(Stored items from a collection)
————
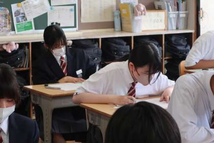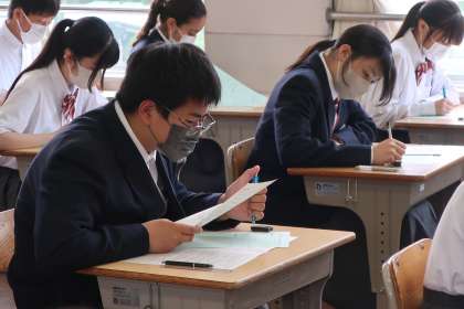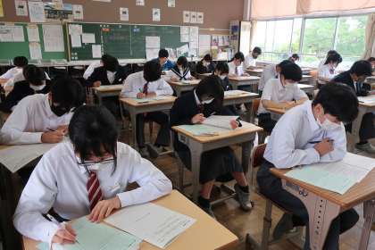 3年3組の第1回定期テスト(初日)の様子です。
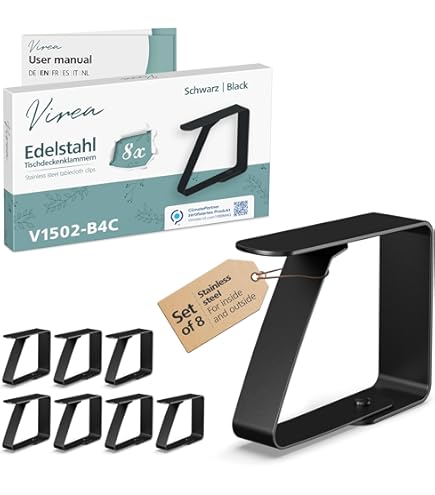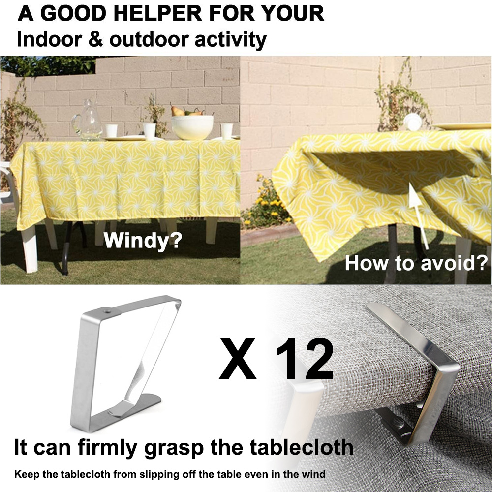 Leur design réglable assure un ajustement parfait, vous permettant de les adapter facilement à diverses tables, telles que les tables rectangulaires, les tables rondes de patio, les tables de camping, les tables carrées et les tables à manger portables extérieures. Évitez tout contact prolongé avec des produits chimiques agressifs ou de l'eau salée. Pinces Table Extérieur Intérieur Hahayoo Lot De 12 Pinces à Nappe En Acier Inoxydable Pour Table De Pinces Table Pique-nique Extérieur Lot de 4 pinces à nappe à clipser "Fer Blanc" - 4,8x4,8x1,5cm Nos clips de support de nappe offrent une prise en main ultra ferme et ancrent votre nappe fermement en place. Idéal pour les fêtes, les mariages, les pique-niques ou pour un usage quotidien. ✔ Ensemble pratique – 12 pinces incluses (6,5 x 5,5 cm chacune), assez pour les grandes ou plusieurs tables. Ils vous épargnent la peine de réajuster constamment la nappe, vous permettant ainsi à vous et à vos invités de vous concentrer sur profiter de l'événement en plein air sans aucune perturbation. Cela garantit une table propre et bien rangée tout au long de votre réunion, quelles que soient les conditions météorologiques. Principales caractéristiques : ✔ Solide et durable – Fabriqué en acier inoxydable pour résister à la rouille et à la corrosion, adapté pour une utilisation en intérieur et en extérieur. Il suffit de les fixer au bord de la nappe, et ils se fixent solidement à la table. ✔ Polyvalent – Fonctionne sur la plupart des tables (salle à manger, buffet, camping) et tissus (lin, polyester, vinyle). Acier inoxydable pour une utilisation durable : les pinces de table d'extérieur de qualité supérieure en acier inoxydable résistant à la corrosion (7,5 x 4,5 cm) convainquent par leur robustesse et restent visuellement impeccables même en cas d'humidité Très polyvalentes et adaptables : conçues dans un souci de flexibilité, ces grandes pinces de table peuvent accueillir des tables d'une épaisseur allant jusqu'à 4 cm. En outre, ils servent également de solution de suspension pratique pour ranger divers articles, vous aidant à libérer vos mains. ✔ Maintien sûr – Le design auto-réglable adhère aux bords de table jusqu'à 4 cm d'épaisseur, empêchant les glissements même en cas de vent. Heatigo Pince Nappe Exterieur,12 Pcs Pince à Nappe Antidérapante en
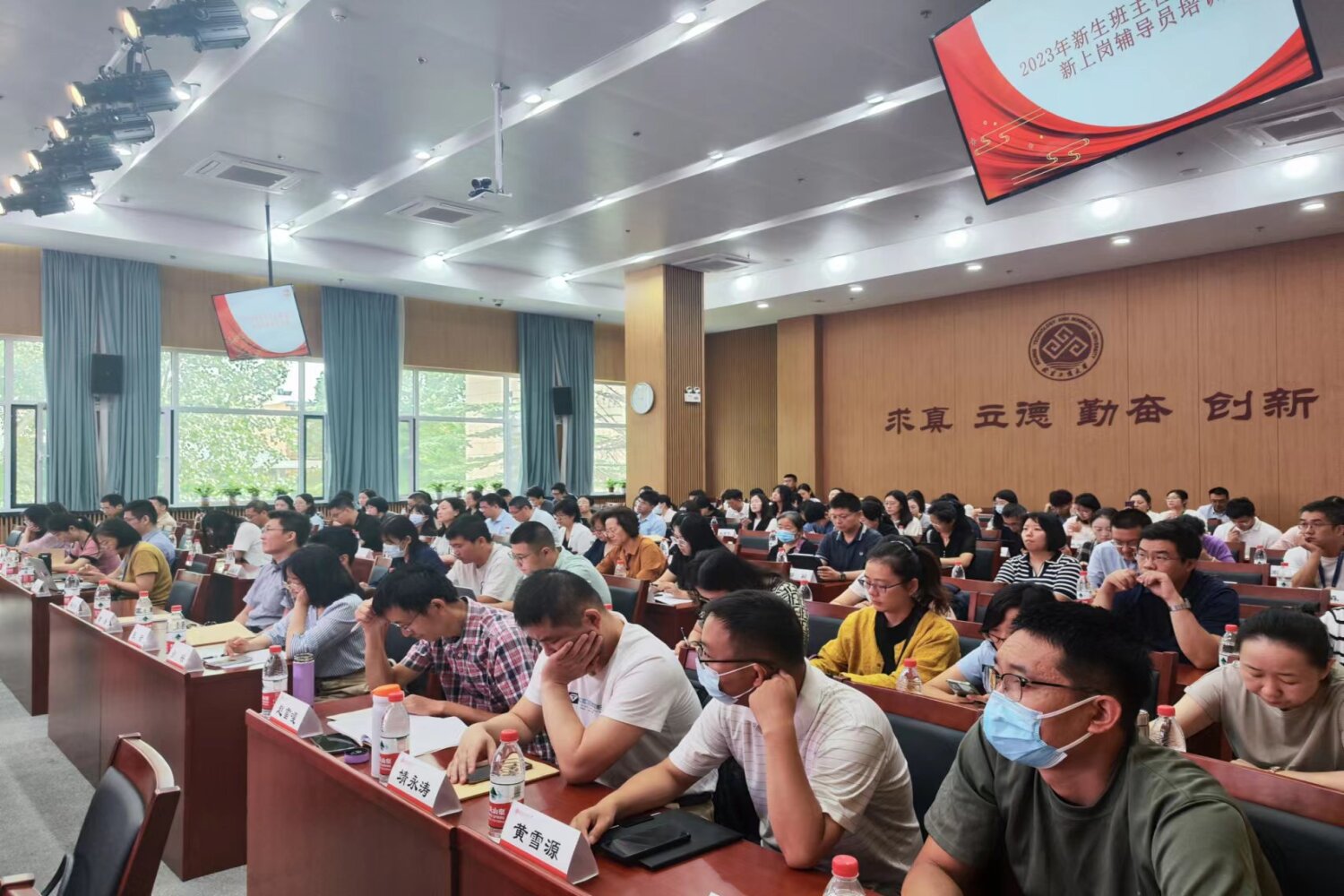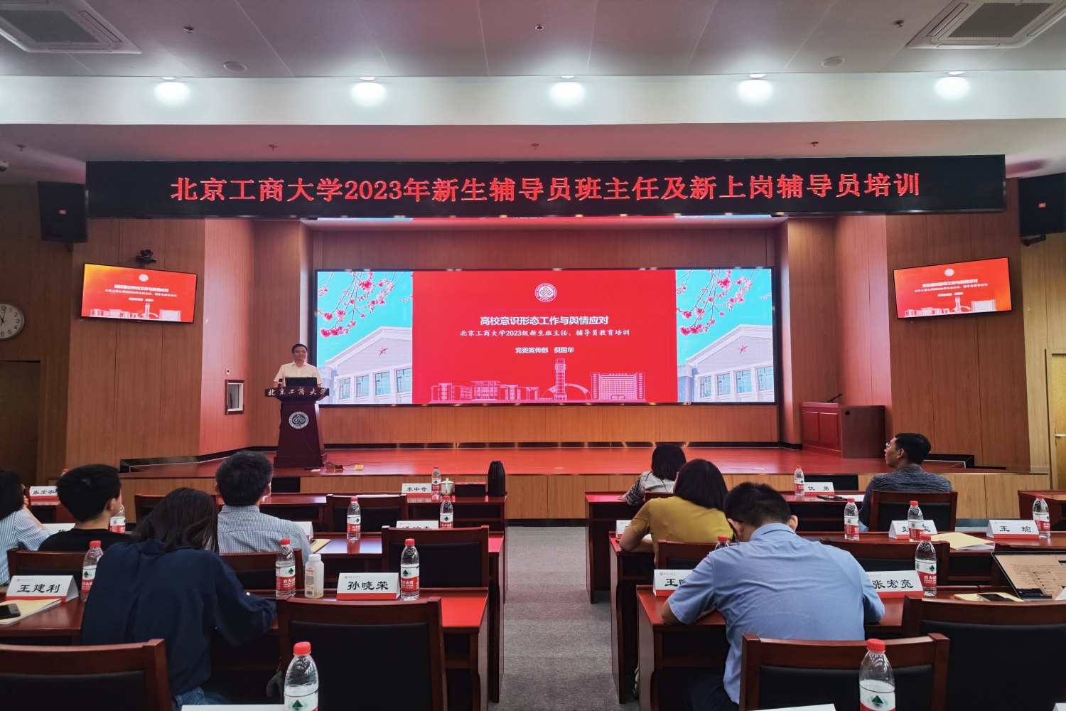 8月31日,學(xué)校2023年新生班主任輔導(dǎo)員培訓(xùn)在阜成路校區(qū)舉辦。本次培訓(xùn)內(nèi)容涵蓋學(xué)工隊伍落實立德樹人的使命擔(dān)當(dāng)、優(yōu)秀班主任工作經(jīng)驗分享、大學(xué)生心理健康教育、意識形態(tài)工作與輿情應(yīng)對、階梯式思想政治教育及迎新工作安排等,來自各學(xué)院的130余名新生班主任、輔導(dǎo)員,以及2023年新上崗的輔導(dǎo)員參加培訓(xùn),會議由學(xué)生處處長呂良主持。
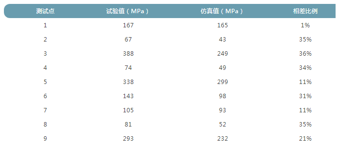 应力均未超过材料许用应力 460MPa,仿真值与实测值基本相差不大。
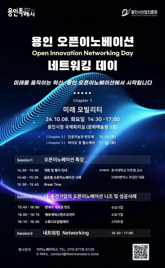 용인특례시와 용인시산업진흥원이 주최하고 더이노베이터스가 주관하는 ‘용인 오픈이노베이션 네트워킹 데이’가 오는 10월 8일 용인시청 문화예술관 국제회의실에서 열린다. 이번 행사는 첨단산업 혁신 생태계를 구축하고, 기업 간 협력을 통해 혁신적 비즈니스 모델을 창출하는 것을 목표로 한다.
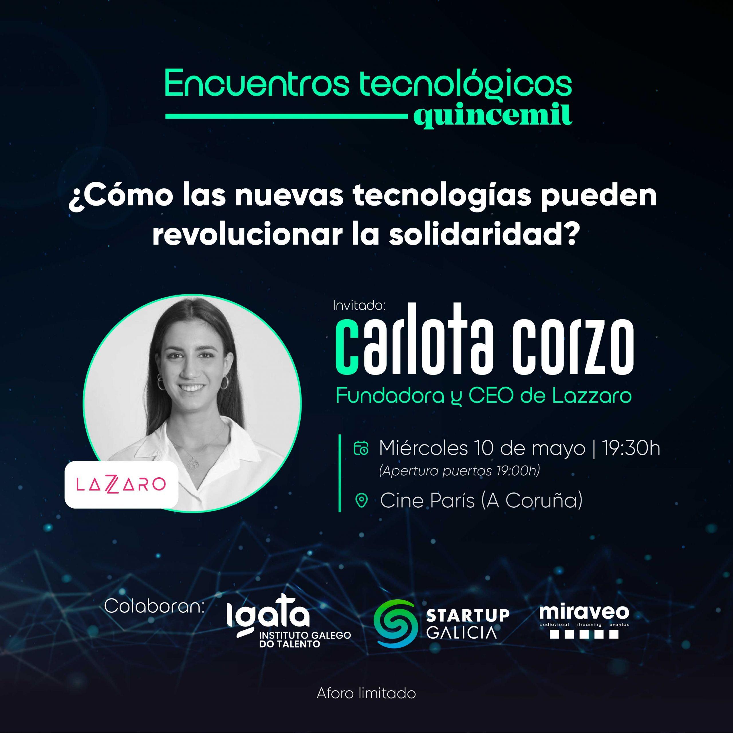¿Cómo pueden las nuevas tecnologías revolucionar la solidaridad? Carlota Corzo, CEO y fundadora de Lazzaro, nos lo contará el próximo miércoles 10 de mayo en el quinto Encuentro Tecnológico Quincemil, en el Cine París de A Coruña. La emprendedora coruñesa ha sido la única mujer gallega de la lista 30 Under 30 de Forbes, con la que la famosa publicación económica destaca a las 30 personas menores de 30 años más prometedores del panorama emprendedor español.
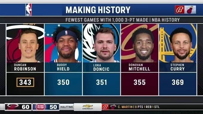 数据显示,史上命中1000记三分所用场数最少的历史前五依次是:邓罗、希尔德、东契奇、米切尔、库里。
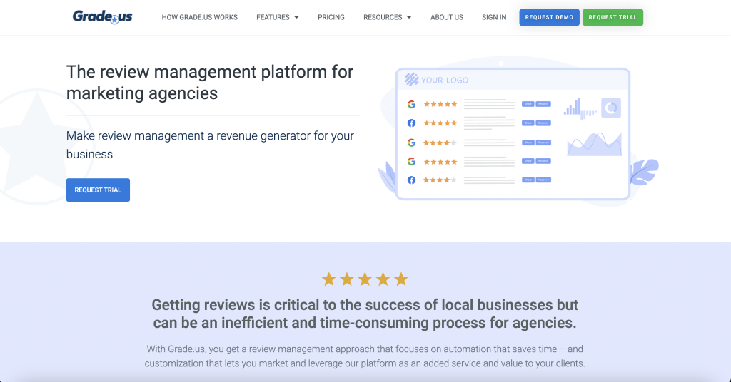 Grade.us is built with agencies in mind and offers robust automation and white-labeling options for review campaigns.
————
* _EXERCISE OBJECTIVE_:
Retype only the lines above from the one with "数据显示,史上命中1000记" through the last, both ends included, keeping every picture out of the copy.

* _EXERCISE OUTPUT_:
 数据显示,史上命中1000记三分所用场数最少的历史前五依次是:邓罗、希尔德、东契奇、米切尔、库里。
 Grade.us is built with agencies in mind and offers robust automation and white-labeling options for review campaigns.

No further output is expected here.